Figure 3. Visualization of TXNL2. Top: UCSC Genome Browser view of TXNL2 probe alignments alongside AceView transcripts. The probes and transcripts they target are outlined by color; Agilent is green, Affymetrix is blue. Bottom Left: Heatmap visualization of the gene according to pairwise Euclidean distance. The Agilent probes, outlined in green, form a dark block, indicating their measurements are close together. The Affymetrix probes do not show any grouping pattern. Bottom Right: Log2 signal intensity of the replicates. The Affymetrix probes, outlined in blue, show low signal intensity and a random distribution of control and experimental signals from probe to probe, which explains the lack of visual pattern in the heatmap. The Agilent probes, outlined in green, show clear separation between the control and experimental groups, indicating a downregulation of TXNL2. Real-time PCR showed the Affymetrix transcript to be absent in the sample, while the Agilent transcripts were validated to be downregulated, explaining the signal patterns.
Figure 4. Visualization of FEN1. Top: UCSC Genome Browser view of FEN1 probe alignments alongside AceView transcripts. The four misbehaving probes are outlined in green. Bottom Left: Heatmap visualization of the genes according to pairwise Euclidean distance. Probes 1–16 are Affymetrix, 17 is Agilent, and 18 is Codelink. Probes 5–8 (green outline) are distant from the rest of the probes in the set, creating a white cross in the symmetric matrix. The rest of the probes are all in high agreement with each other with short distances between expression vectors. Bottom Right: Log2 signal intensity of the replicates. The signal intensities of the misbehaving probes, outlined in green, do not show the same high degree of separability between the control and treatment groups that is exhibited by the rest of the probes. The signal intensity graph confirms that these probes behave differently and should form their own cluster, as found in the heatmap.
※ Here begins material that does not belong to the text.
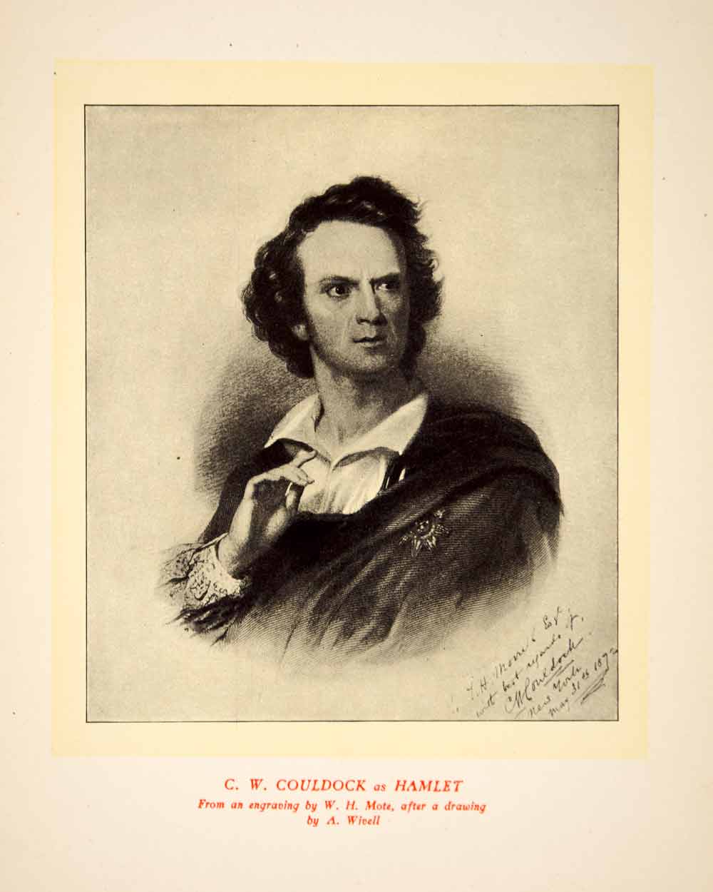 This is an original 1900 two-color lithograph of a drawing by Abraham Wivell that portrays English stage actor, Charles Walter Couldock (1815-1898), dressed in costume for his title role in "Hamlet", by William Shakespeare.

TXNL2 is a case of disjoint transcript sets being targeted by Affymetrix and Agilent. The Affymetrix probe set targets TXNL2.cAug05 (outlined in blue). Two Agilent probes target TXNL2.bAug05 (outlined in green). In the heatmap, the Agilent probes clearly form a dark cluster distinct and distant from the Affymetrix probes. Examining the log2 signal intensities, Agilent shows a clear separation between the control and experimental groups while Affymetrix shows no pattern at all. Agilent microarray results indicate that TXNL2 is downregulated, with fold changes of -1.78 (p = 0.003) and -1.67 (p = 0.007). Affymetrix microarray results indicate no change, with a fold change of -1.04 (p = 0.632).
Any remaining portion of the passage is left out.